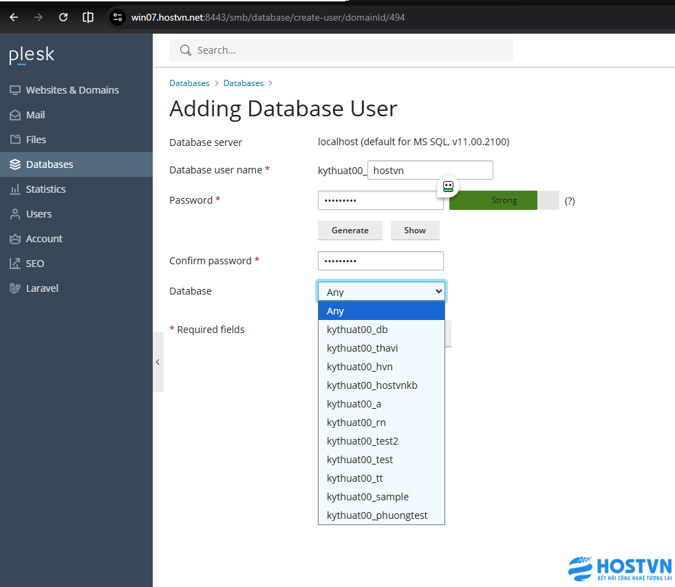 Nhấn vào OK vậy là bạn đã tạo được 1 database user trên hosting Plesk rồi. Chúc các bạn thành công HOSTVN tự hào là nhà cung cấp dịch vụ Cloud Computing lâu đời và uy tín hàng đầu tại Việt Nam với hệ thống thiết bị phần cứng chuyên dụng, chính hãng được đầu tư bài bản, hứa hẹn kiến tạo cho doanh nghiệp bạn một hạ tầng mạnh mẽ, ổn định và an toàn, làm nền tảng vững chắc để phát triển website trong thời đại 5G đầy tiềm năng. Bạn cũng có thể tham khảo thêm các dịch vụ Web Hosting, Cloud VPS, Server, Email Business do chúng tôi cung cấp hoặc xem các bài viết chia sẻ khác của chúng tôi tại đây Liên hệ với chúng tôi qua:
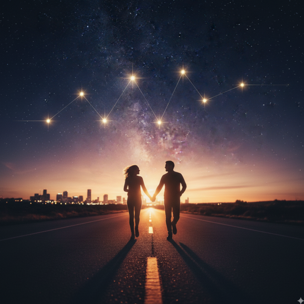 A dreamy indie-pop anthem running 3:30–3:45, built for late-night drives and festival sing-alongs, The track is anchored by a signature 4-note rising synth arpeggio, warm and heartbeat-like, instantly recognizable from the opening seconds, It begins soft and distant, layered with airy pads and shimmering guitars, then grows as pulsing drums and bass enter, Verses are restrained and confessional, the pre-chorus builds tension with rising chords, and the chorus bursts wide with euphoric gang vocals, chant-like repetition, and soaring melodies, The signature riff evolves throughout: subtle in the verses, doubled by guitar in the choruses, stacked with synths and vocal pads in the finale, A stripped-down bridge pulls everything back before the explosive final chorus, Mood: nostalgic, freeing, bittersweet but hopeful — the sound of two souls escaping the noise of the world and discovering freedom together
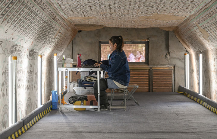 2023年8月3日,在敦煌莫高窟正在保護修繕的第55窟內,一位文保工作者對采集的數據進行整理。新華每日電訊記者 李賀 攝
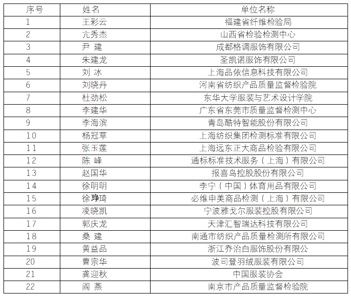 全国服装标准化技术委员会、中国服装协会标准化技术委员会秘书周双喜

····················

### Task instructions
Give back the listing word for word, minus its images.

### Expected answer
 Nhấn vào OK vậy là bạn đã tạo được 1 database user trên hosting Plesk rồi. Chúc các bạn thành công HOSTVN tự hào là nhà cung cấp dịch vụ Cloud Computing lâu đời và uy tín hàng đầu tại Việt Nam với hệ thống thiết bị phần cứng chuyên dụng, chính hãng được đầu tư bài bản, hứa hẹn kiến tạo cho doanh nghiệp bạn một hạ tầng mạnh mẽ, ổn định và an toàn, làm nền tảng vững chắc để phát triển website trong thời đại 5G đầy tiềm năng. Bạn cũng có thể tham khảo thêm các dịch vụ Web Hosting, Cloud VPS, Server, Email Business do chúng tôi cung cấp hoặc xem các bài viết chia sẻ khác của chúng tôi tại đây Liên hệ với chúng tôi qua:
 A dreamy indie-pop anthem running 3:30–3:45, built for late-night drives and festival sing-alongs, The track is anchored by a signature 4-note rising synth arpeggio, warm and heartbeat-like, instantly recognizable from the opening seconds, It begins soft and distant, layered with airy pads and shimmering guitars, then grows as pulsing drums and bass enter, Verses are restrained and confessional, the pre-chorus builds tension with rising chords, and the chorus bursts wide with euphoric gang vocals, chant-like repetition, and soaring melodies, The signature riff evolves throughout: subtle in the verses, doubled by guitar in the choruses, stacked with synths and vocal pads in the finale, A stripped-down bridge pulls everything back before the explosive final chorus, Mood: nostalgic, freeing, bittersweet but hopeful — the sound of two souls escaping the noise of the world and discovering freedom together
 2023年8月3日,在敦煌莫高窟正在保護修繕的第55窟內,一位文保工作者對采集的數據進行整理。新華每日電訊記者 李賀 攝
 全国服装标准化技术委员会、中国服装协会标准化技术委员会秘书周双喜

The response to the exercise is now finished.